### Task to carry out
A picture-free, exact reproduction of the listing that follows is required.

Start of Input data

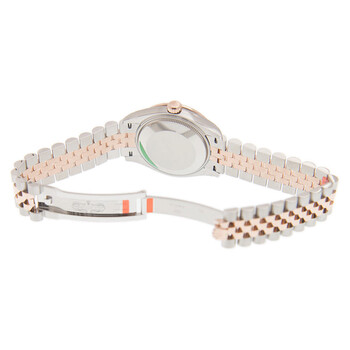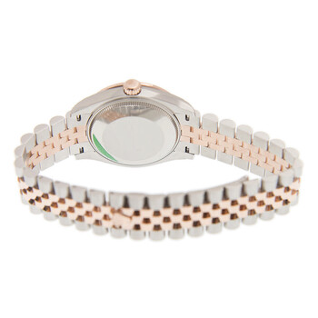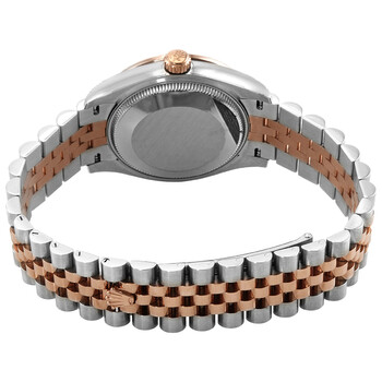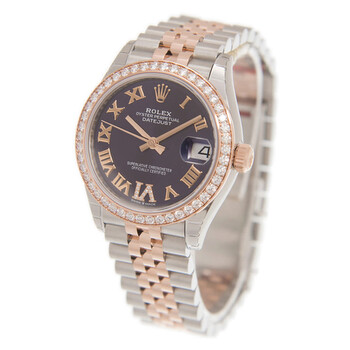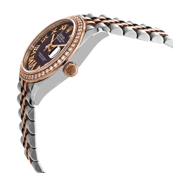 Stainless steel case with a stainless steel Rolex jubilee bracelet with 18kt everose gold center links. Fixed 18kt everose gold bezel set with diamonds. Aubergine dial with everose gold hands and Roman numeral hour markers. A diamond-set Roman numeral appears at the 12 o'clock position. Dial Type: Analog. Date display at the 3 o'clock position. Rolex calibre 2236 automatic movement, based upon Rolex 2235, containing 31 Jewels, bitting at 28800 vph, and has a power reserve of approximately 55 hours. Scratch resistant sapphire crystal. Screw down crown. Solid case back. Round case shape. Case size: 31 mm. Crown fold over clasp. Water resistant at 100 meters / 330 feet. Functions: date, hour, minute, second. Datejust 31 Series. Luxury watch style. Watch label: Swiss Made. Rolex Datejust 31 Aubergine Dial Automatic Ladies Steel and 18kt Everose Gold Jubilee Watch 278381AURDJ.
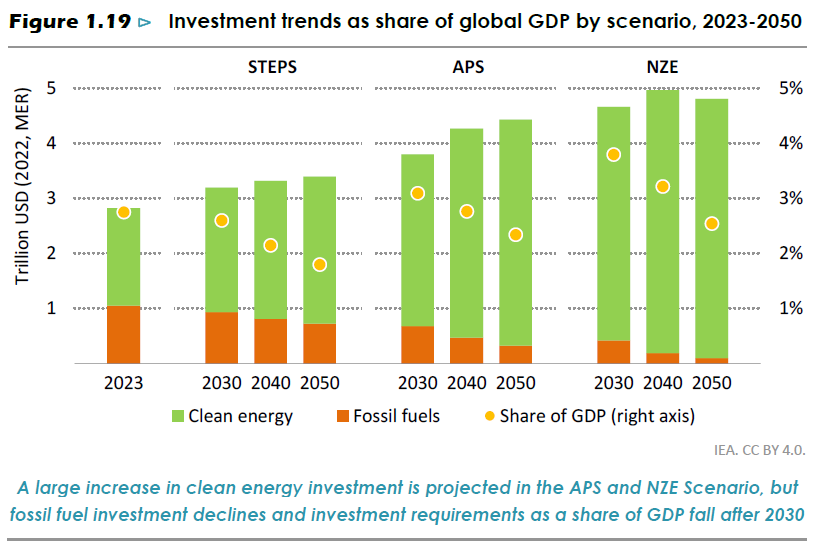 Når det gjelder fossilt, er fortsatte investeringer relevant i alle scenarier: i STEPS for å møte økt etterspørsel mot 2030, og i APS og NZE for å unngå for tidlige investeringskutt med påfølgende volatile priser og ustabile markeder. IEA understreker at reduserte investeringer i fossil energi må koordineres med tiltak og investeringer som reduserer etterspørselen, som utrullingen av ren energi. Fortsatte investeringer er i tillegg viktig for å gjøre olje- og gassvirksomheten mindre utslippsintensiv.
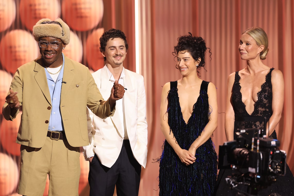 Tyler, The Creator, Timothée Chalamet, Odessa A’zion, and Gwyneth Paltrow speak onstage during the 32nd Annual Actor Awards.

End of Input data

### Output of the exercise
 Stainless steel case with a stainless steel Rolex jubilee bracelet with 18kt everose gold center links. Fixed 18kt everose gold bezel set with diamonds. Aubergine dial with everose gold hands and Roman numeral hour markers. A diamond-set Roman numeral appears at the 12 o'clock position. Dial Type: Analog. Date display at the 3 o'clock position. Rolex calibre 2236 automatic movement, based upon Rolex 2235, containing 31 Jewels, bitting at 28800 vph, and has a power reserve of approximately 55 hours. Scratch resistant sapphire crystal. Screw down crown. Solid case back. Round case shape. Case size: 31 mm. Crown fold over clasp. Water resistant at 100 meters / 330 feet. Functions: date, hour, minute, second. Datejust 31 Series. Luxury watch style. Watch label: Swiss Made. Rolex Datejust 31 Aubergine Dial Automatic Ladies Steel and 18kt Everose Gold Jubilee Watch 278381AURDJ.
 Når det gjelder fossilt, er fortsatte investeringer relevant i alle scenarier: i STEPS for å møte økt etterspørsel mot 2030, og i APS og NZE for å unngå for tidlige investeringskutt med påfølgende volatile priser og ustabile markeder. IEA understreker at reduserte investeringer i fossil energi må koordineres med tiltak og investeringer som reduserer etterspørselen, som utrullingen av ren energi. Fortsatte investeringer er i tillegg viktig for å gjøre olje- og gassvirksomheten mindre utslippsintensiv.
 Tyler, The Creator, Timothée Chalamet, Odessa A’zion, and Gwyneth Paltrow speak onstage during the 32nd Annual Actor Awards.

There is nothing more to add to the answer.